Copyright 1998 by Tony McLeanGold is probably the earliest known metal to be discovered by primitive man; probably because it is to be found in nature in the form of a pure metal which can easily be identified and collected by techniques such as washing or “panning” in stream beds. Gold is a precious yellow metal. Its rarity makes it valuable as basis for global currency. One estimate suggests that all the gold refined in the world to date would fit within a sixty-foot cube. Gold is also a relatively unreactive metal; it does not readily form compounds with other elements. Gold also resists attack by most acids but is soluble in aqua regia, a mixture of three parts hydrochloric acid and one part nitric acid. All gold compounds are thermally unstable and on gentle ignition easily revert to their metallic form. Throughout the centuries gold has achieved an almost mystical quality. The goal of the alchemists, who practised from 400-1400 AD, was to transmute common elements (like lead) into gold. Because there were seven known heavenly bodies, the alchemists believed that there were seven base elements. Incredulously, even though in sixteenth century England, Henry IV outlawed the alchemical production of gold, the practice continued and even Sir Isaac Newton and two other distinguished seventeenth century scientists, G. W. Leibniz and Robert Boyle, "the father of modern chemistry", clearly accepted the theory of alchemical transmutation.

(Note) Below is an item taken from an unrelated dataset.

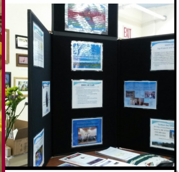
NNMCAB Booth at 2014 Earth Day Festival, Los Alamos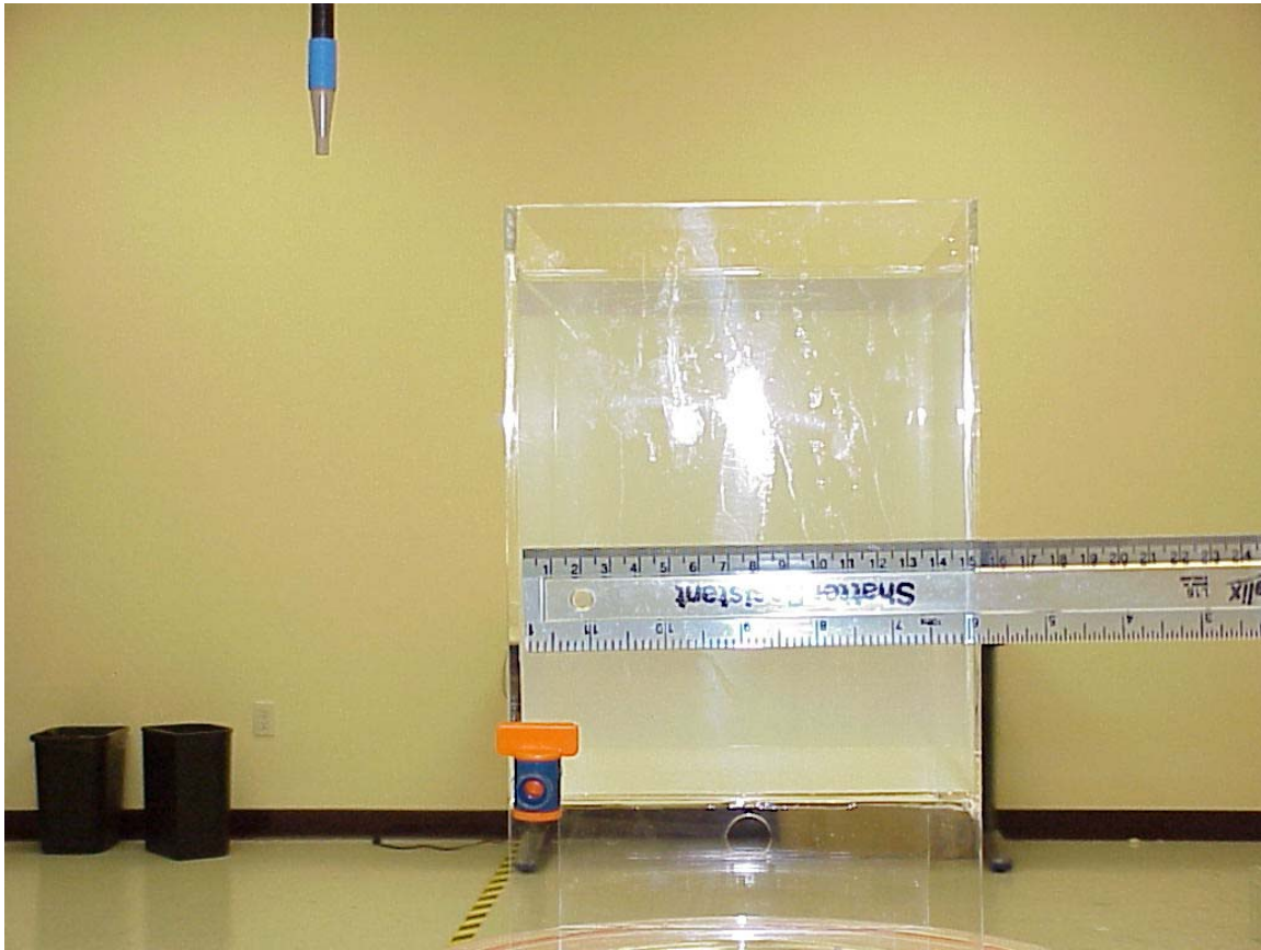
Photo 5 Photo to demonstrate 15 cm Z-axis flat phantom

In 1856, M. Faraday prepared the first colloidal gold dispersion in water. He added phosphorous to a solution of gold chloride and after a short time noted that the blue colouration changed to a ruby red dispersion. However, it was Sir John Herschel in 1842 who first described a method of making photographic prints in gold. He coated a sheet of paper with a ferric citrate and exposed the paper to the sun in contact with an etching that presumably had been made semi transparent. He then immersed the print in a solution of chloroaurate (111). Unfortunately, the resulting process, which he termed “Chrysotype,” was not able to give what we would describe today, as a continuous tone print. For a further more detailed account of the history of this process, I must refer the readers to Dr. Mike Ware’s web site at:
http://www.mikeware.demon.co.uk/.

Copyright 1998 by Tony McLeanIn the late eighties Dr.Ware, a lecturer and researcher in structural and inorganic chemistry at the University of Manchester, set about investigating and refining many of the old processes. After six years of research, Dr. Ware announced to an imaging conference held in Cambridge (U.K.) in September 1992, the first workable method of producing photographic prints in colloidal gold. He named his discovery, with due deference to Sir John Herschel’s earlier explorations...”The New Chrysotype.” Dr.Ware has not as yet, released the practical details of his researches into the Chrysotype process into the public domain. He has exhibited some of his Chrysotype images in both the U.K. and the USA and they are, I understand, to be greatly admired. This article is based on the late American graduate chemist, photographer, and printmaker, John Rudiak’s adaptation of Dr. Ware’s scientific articles and may bear only a passing resemblance to the original “New Chrysotype” process.

Chemicals.

 

Hydrochloroauric acid. H.AuCl4.3H2O (M.W. 393.83) Confusingly, this gold salt is also known by many other names e.g. Tetrachloroauric Acid, Trihydrate; Chloroauric Acid, Trihydrate; Hydrogen Tetrachloroaurate, Trihydrate; Auric Chloride, Hydrochloride, Trihydrate and just plain gold chloride, The molecular weight given above should aid the appropriate selection from a chemical supplier. It is a yellow/orange crystalline powder that is stable under ordinary conditions of use and storage. But it is hygroscopic and deliquescent in moist air and therefore it is usually supplied in sealed glass tubes. It is corrosive, will stain the skin purple and will attack the mucous membranes. So wear a mask and follow all necessary safety precautions whilst handling this material. Hydrochloroauric acid can be purchased from Johnson Mathey of Royston, Herts., but is expensive at nearly £40 per gram. Those of you that reside in the USA are more fortunate as this compound can be purchased from Engelhard in New Jersey at about $7 per gram, although there is a minimum order of $150.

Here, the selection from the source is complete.